Angie « la mondaine » était « une grande amoureuse »

 

L’accusée s’est exprimée au présent. Ce « qu’il se passe », c’est maintenant : des regrets mal formulés, une difficile demande de pardon tant elle paraît se dissocier du passé, de l’été 2022 que sa mémoire a mis sous cloche. Non qu’elle ait oublié, non qu’elle nie avoir tué Angie : « C’est moi », dit Soraya. Simplement, une forme de déni l’aide à se maintenir debout. Le procès n’a pas permis de savoir pourquoi, ce soir-là, elle a « planté » l’abdomen et le sternum d’Angie, perforant sur 12 centimètres les organes vitaux. À 5h06, la victime s’est éteinte. « Pourquoi l’avoir tuée ? interroge encore Me Laure Berrebi-Amsellem. Pourquoi tuer une sœur, qui a été la première femme noire transsexuelle, qui avait réussi l’impossible : s’assumer, accomplir de grandes choses ? » Cette « mondaine » aux sacs Gucci, « généreuse, drôle, belle, était sensible, c’était une grande amoureuse », poursuit l’avocate des parties civiles. « Lorsque son amie Rose est décédée d’un cancer, elle s’est occupée de ses enfants durant un an. » Y compris financièrement.

Lors d’une pause, la femme de son père nous confie les derniers souhaits d’Angie : « Elle m’a dit “mamie, j’arrête cette mascarade, je vais acheter un logement et adopter des enfants”. » La « mascarade », c’étaient « quelques passes de temps en temps, car il fallait bien vivre pendant la pandémie de Covid.

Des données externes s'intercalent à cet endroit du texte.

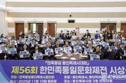 [ 한국미디어뉴스 이원영 기자 ] 용인특례시는 10일 시청 컨벤션홀에서 민족통일 용인특례시협의회 주관으로 ‘민족통일 용인특례시대회와 제56회 한민족통일문화제전 시상식’이 열렸다고 밝혔다. 이날 행사는 한반도의 평화와 통일을 주제로 한 글짓기·웹툰·포스터·사진 공모전의 입상작을 시상하고, 유공회원에게 표창을 수여하고자 마련됐다. 민족통일 용인특례시협의회는 1981년 창립한 단체로 매년 태극기 나눔을 비롯해 지역사회 통일운동 의식 제고 등을 위한 다양한 활동을 벌이고 있다. 이날 협의회는 홍보자료 시청, 통일 관련 동영상과 남북 언어 차이에 대한 학습자료를 시청하고 간단한 통일 퀴즈대회를 거쳐 우수 작품 3개를 낭독했다. 이어진 시상식에서는 용인특례시장상 3명 등 총 36명이 수상의 영예를 안았다. 유한종 민족통일 용인특례시협의회장은 “민족의 염원인 한반도 평화통일을 위해 어려운 여건 속에서도 적극 지원해 주시는 이상일 시장님께 감사드린다”며 “대한민국 통일의 그 날이 올 때까지 협의회 회원의 뜻을 한데 모아 더욱 적극 활동하겠다”고 했다. 이상일 시장은 “대한민국이 한국전쟁

Mais il avait un diplôme de coiffeur et maquilleur », précise Mamie qui hésite toujours entre masculin et féminin.
 

« La transition, les hormones, les opérations et les soins… »

 

« Elle avait beaucoup de classe, reprend Me Berrebi-Amsellem, elle aimait la nuit, elle connaissait tout le monde, transformait tout ce qu’elle touchait en or. » La femme séduisante, plantureuse, ne fut pas toujours aussi « bien dans sa peau. Sa quête identitaire a été difficile, je ne trouve pas joli le mot transsexuel car ces êtres fragiles, vulnérables, doivent d’abord lutter contre ce qu’ils ressentent ». Puis, « il a fallu changer de prénom, de sexe, de vie (…) Angie est née dans une famille traditionnelle, elle a dû accepter d’être considérée “contre-nature” », comme on dit. « La transition, les hormones, les opérations, les soins, c’est très douloureux, ça coûte terriblement cher : 5 000 à 10 000 euros pour les seins ! Alors vous imaginez le reste ? »

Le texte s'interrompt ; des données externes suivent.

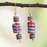 Colorful Recycled Plastic and Glass Beaded Dangle Earrings 'Euphoric Sense' Item ID: 2671804922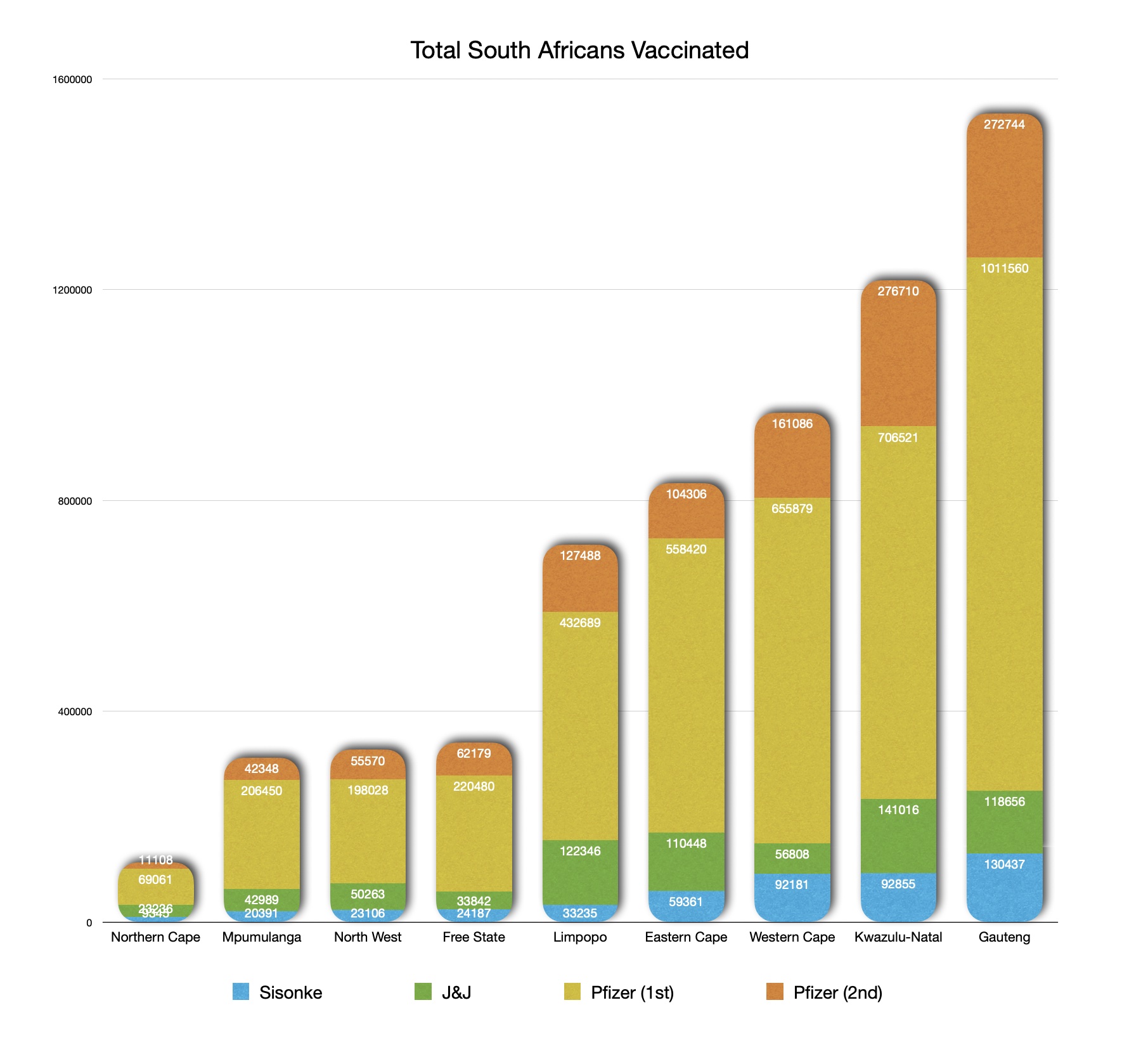 The country started the vaccination roll-out on the 18th of February 2021 and to date, 6,357,329 vaccines have been administered, with 2,298,241 South Africans now completely vaccinated.

Mais Angie a été acceptée par les siens. Aimée. Alors, qu’on l’ait ravie à sa famille est insupportable. L’une de ses sœurs pleure à chaudes larmes.

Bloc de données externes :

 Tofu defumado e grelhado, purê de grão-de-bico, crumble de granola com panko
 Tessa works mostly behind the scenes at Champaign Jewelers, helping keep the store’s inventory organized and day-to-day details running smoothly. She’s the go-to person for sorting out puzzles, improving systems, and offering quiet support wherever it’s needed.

« Pourquoi ? », tente une ultime fois l’avocate. Soraya l’ignore. Querelle de territoire ? Pas du tout. Jalousie ? De quoi, puisqu’elles ne se connaissaient pas, ont confirmé les débats. Une expression captée au vol, « sale travelo », mais lancée par qui ? Nul ne le sait. En revanche, les témoins ont entendu à trois reprises : « Je viens de la crever, cette pute. » Pour la partie civile, c’est un meurtre, pas des violences mortelles sans intention de tuer : « Il y avait de la haine, dans cette phrase » et Soraya part « quand les organes d’Angie sortent. Ils sortaient ! Elle fuit, car elle se sait sous sursis probatoire ».